We had better look at these proposals in a realistic way. There is no justification for getting up here and making vote-catching speeches. We all of us must realise that the exigencies of the past five years, the need to maintain ourselves free and at peace, have involved this State in heavy commitments, commitments which will have to be discharged during and within the next 20 or 30 years, commitments which will have to be met each year out of taxation until they have been redeemed.
To build the 60,000 cottages, which would be affected by this Bill, the local authorities and the State between them have already accepted a liability for capital sums amounting almost to £11,000,000. When these cottages were built, there was an understanding that the cost of them would be borne by three interests, by the tenants, by the local authorities and by the State. In order to meet the view that it would be socially advantageous if tenants of existing cottages were enabled to become owners the Act of 1936 was passed; it enabled any tenant of a cottage who fulfilled the qualifying conditions of the Act to become the owner ultimately of any cottage in fee simple by the payment of a very modest annuity. The conditions prescribed assured to the tenant purchaser who was then paying rent an immediate reduction of cash payment of 25 per cent.
In the majority of cases, and in the case of over 40,000 of the cottages, the weekly rent averaged 1/2. Under the provisions of the schemes which have been approved since 1936, instead of a weekly rent of 1/2 which did not give the tenant one tittle of ownership in the house in which he resided, he is in the fortunate position, if he has applied to purchase his cottage, and if vested, of having an immediate reduction of 25 per cent. in the weekly payment of 1/2. Instead of paying a rent of 1/2 he pays a terminable annuity of 10½d. which, in the course of time will make him the owner of the cottage in fee simple. Surely it cannot be contended that a scheme which gives to the tenant an immediate reduction of that sort is unfair or unjust to him. At the same time, his purchase increases the obligations of local authorities. Bear that in mind. Of course when that reduction was given the local authority had to accept increased responsibility for meeting the charges on the loans. In circumstances such as these, no person can reasonably contend that that scheme was unfair or unjust to the tenant or imposed onerous burdens on him.
According to Deputy Norton, however, it is reasonable to say that a proposal which gives a tenant of a house an immediate reduction of 25 per cent. in cash payments is unfair and unjust. I think if most of us could to-morrow enter into an agreement to purchase our houses upon terms which would enable us to secure an immediate reduction of one-fourth in our cash outgoings, we certainly would not regard such a scheme as unfair or unjust, or imposing a heavy burden upon us. In that connection we must also remember that the houses which are being purchased under the 1936 Act have considerably appreciated in value since they were built. If you wanted to buy a house equivalent to one of these cottages to-morrow, you would pay very much more than £180 or £200 for it. These are the houses, 40,000 of them, that under the conditions of the 1936 Act, can be bought out for a payment of 10½d. a week, for as short a period, in some cases, as eight or nine years, but, in no case, running for longer than 29 years, even in the case of houses built immediately prior to 1923. The majority of our people are reasonable and fair minded and notwithstanding the statements which we hear from the Labour Party, few of them are going to accept the contention of Deputy Norton that the terms which have been approved of in a purchase scheme covering 58,000 of these cottages under the 1936 Act are unfair or unjust to the tenants. So much for Deputy Norton.

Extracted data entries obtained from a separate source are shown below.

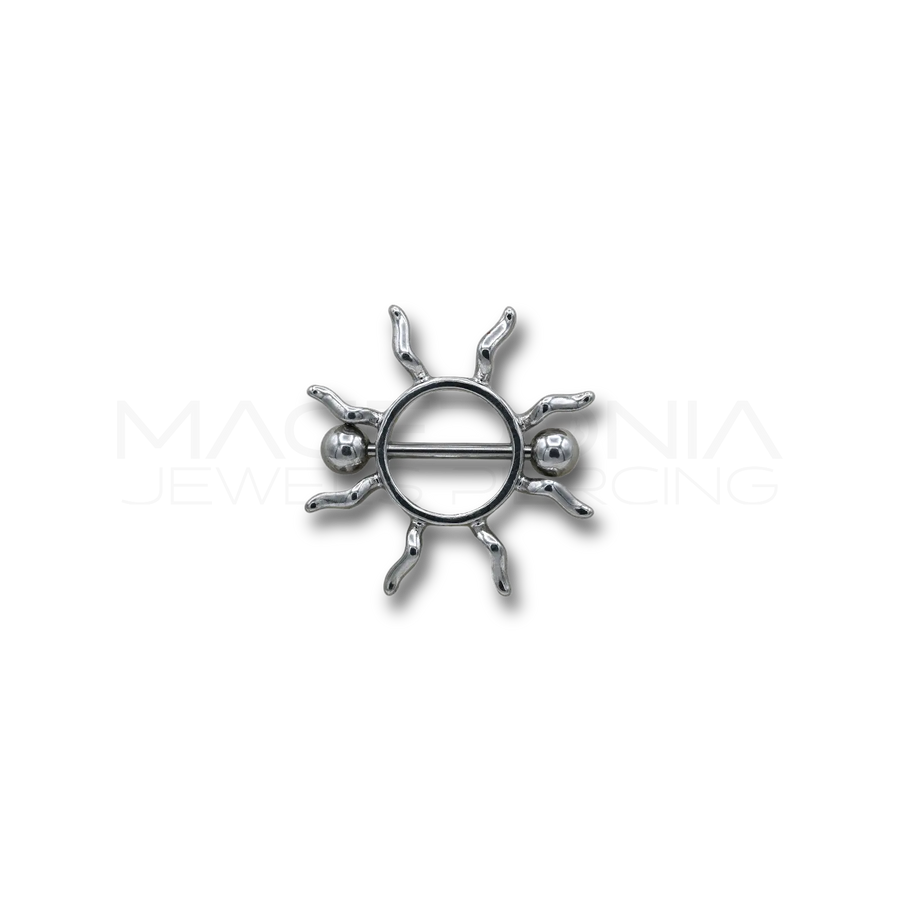 Piercing colore argento, in acciaio chirurgico 316L, stile Janet Jackson con sole. Disponibile in diverse misure.
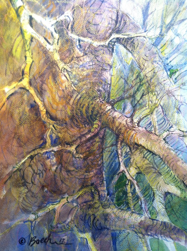 This painting was done on location on a day just like that. Sounds of songbirds filled the branches. The gnarly image stood firm. Vines had made their way around each one of those limbs, entwining, weaving and almost choking the roots below. It’s not much to look at anymore, but the beauty remains. Life goes on, even in the darkest hours. We don’t know what lies ahead. Our future is stagnant in our own eyes. We dream of and wish for more than we have and yet we have more than we know.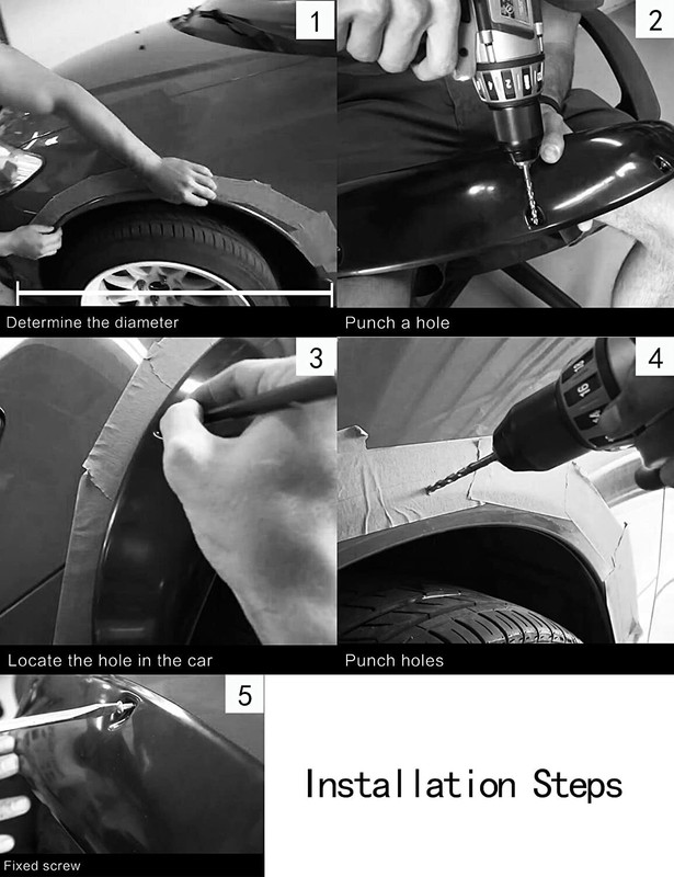 - 3. Punch holes in the original vehicle and the wheel eyebrow and fix with screws.

Deputy Murphy's case for the Bill was even more extraordinary. He said plainly that he did not believe in this purchase scheme at all, that he thought it much better for these houses to remain the property of local authorities. There might be something to be said for that view. At least, we know this, that as long as the houses remain the property of local authorities they are likely to be available for the class of people for whom they are built. That is another issue with which we are not concerned at this stage. I think Deputy Coburn is one who takes Deputy Murphy's point of view. So insincere and such a sham is the whole of this agitation for a reduction in the annuity payable under the cottage purchase scheme that while Deputy Murphy supported the Bill, he did so, not because he believed in it, but only because he felt the Act had become a dead letter. Here is a Deputy who declares he does not believe in the proposal he is advocating, yet he wants that principle to become effective, and to make the Act which he says has become a dead letter a live reality, an effective instrument for the transfer of the houses from the ownership of local authorities to the ownership of the tenants. In order to prove that the scheme was a dead letter, Deputy Murphy adopted a most extraordinary technique. Unlike his leader, Deputy Norton, he did put some figures before the House, but the figures he put before the House were highly selective.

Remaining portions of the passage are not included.